Advocate General Yves Bot opined that a European directive intended to protect the human body should apply to prevent German scientist Oliver Brüstle from patenting a process using stem cells to potentially treat Parkinson's disease.

After Greenpeace challenged the patent registration, the German court referred to the Court of Justice of the European Union the question of whether human cells can be considered embryos from the point of fertilization, or rather at some later stage.

Advocate Bot said he thinks an embryo needs its own definition for the sake of interpreting European law. He also pointed out that this is the first time the court has considered industrial or commercial use of embryos.

Totipotent cells, since they have the ability to develop into a complete human being, are therefore unpatentable embryos, Bot said. Even a blastocyst, the entity that exists about five days after fertilization, should also be considered an embryo, Bot continued.

Unfertilized eggs with nuclei from mature cells also should be protected, he added, since they may also develop into human beings. This is the process by which embryos may be cloned, and is performed in some countries to produce more embryos for research purposes.

Pluripotent cells, also deriving from stem cells, only have the ability to develop into skin, muscle or nerve tissue. They are therefore not to be considered embryos, Bot said.

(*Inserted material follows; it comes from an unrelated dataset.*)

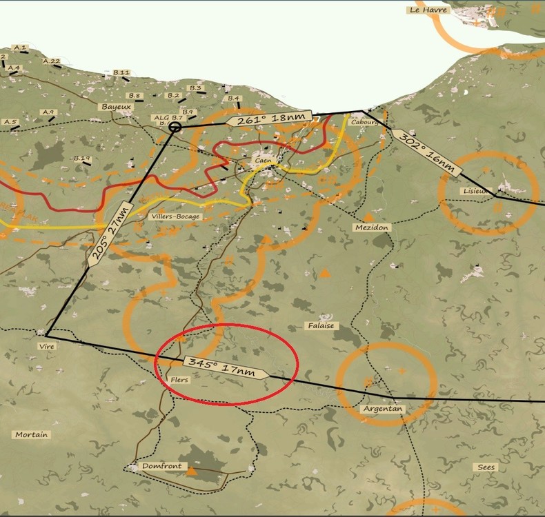 1. In mission 5 in the kneeboard drawing of the map the route between Vire and Argentan has a heading of 345 degrees which is incorrect. It should be roughly 97 degrees.

Brüstle's patent involved the latter type of pluripotent cells. This would be patentable, but for the fact that extraction of pluripotent cells normally destroys the embryo. Bot asserted that this should not be allowed.

Commercial patenting of inventions that assist human embryos, such as to correct defects, should however be allowed, Bot concluded.

The European Union allows member states to decide for themselves whether to allow stem cell production, import and research. Spain, Sweden, Denmark and the United Kingdom allow research with human embryos less than 2 weeks old, while the latter two actually create embryos for research purposes.

In many countries marked by Catholicism, stem cell research is banned. Due to Germany's Nazi history, stem cell research is restricted to imported surplus embryos produced by artificial fertilization.

In Europe, the discussion of stem cell use is not as closely tied to the abortion issue as in the United States. The freedom to choose whether to terminate a fetus applies in the majority of European Union states.